Minard, in these cases, is mapping strength of connection based on the aggregation of statistical data. In this case, I think ORBIS is doing the same, though instead of using statistical data, it uses a model to derive the strength of connection. The two end up with the same phenomenon--cumulative strength of ties--using different approaches, but reach the same point. Whether this means that betweenness is flow depends on how you treat information visualization. Data has no natural graphical form, and graphical forms do not come naturally from raw data. This is seen pragmatically in models of processing data to produce information visualization, which act to highlight not only attributes of data but particular relationships between data for the purpose of associating those attributes and relationships with graphical channels like color, position, size, or thickness.
If we think of a Minard Diagram as strictly constrained to the dataset used for his map of Napoleon’s March, then it is an information visualization method narrowly suited for representing flow along a path correlated with geography and some external variable (temperature in the case of the original). But if we think of Minard’s work representing a system through a series of connections from a center (whether Paris or Kaunas) which sees that strength attenuated in a heterogeneous manner that reveals geographic patterns, then suddenly the Minard Diagram is not simply another way of representing flow. Instead, it is a particular way of processing data, in this case data associated with edges, in a system where those edges are laid out in a non-arbitrary geographic manner.
The result of this and other information visualization is as much a graphical representation of the data as it is a representation of the perspective on the data and the methods used to process the data. Graphics, then, are not simply a product or publication, divorced or perhaps distilled from a dataset, but a summation of data and processing and perspective. Whether this is controversial depends on your perspective of data.
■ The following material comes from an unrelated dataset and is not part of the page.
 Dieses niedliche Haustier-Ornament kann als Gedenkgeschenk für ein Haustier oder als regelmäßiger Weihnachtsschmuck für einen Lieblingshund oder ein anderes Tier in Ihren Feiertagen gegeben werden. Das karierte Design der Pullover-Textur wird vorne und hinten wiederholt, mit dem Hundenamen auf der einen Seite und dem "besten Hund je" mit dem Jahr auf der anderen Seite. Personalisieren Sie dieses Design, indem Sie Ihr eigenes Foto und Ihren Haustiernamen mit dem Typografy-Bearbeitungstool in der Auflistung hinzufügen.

If you think that information visualization is meant to only show “data”, then processing and perspective are corruptions of the pure data, and graphical similarity is a sign of someone using the “wrong” technique to represent that data. In that case, something like the Minard Diagram might be considered a dishonest attempt to hijack the cultural capital of Minard’s name for a visually similar but unrelated technique. But if the graphical similarity indicates meaningful similarities between the phenomena being represented, then it would indicate that graphical similarity of information visualization is a sign of similarity of perspective and processing in cases where the data is fundamentally different.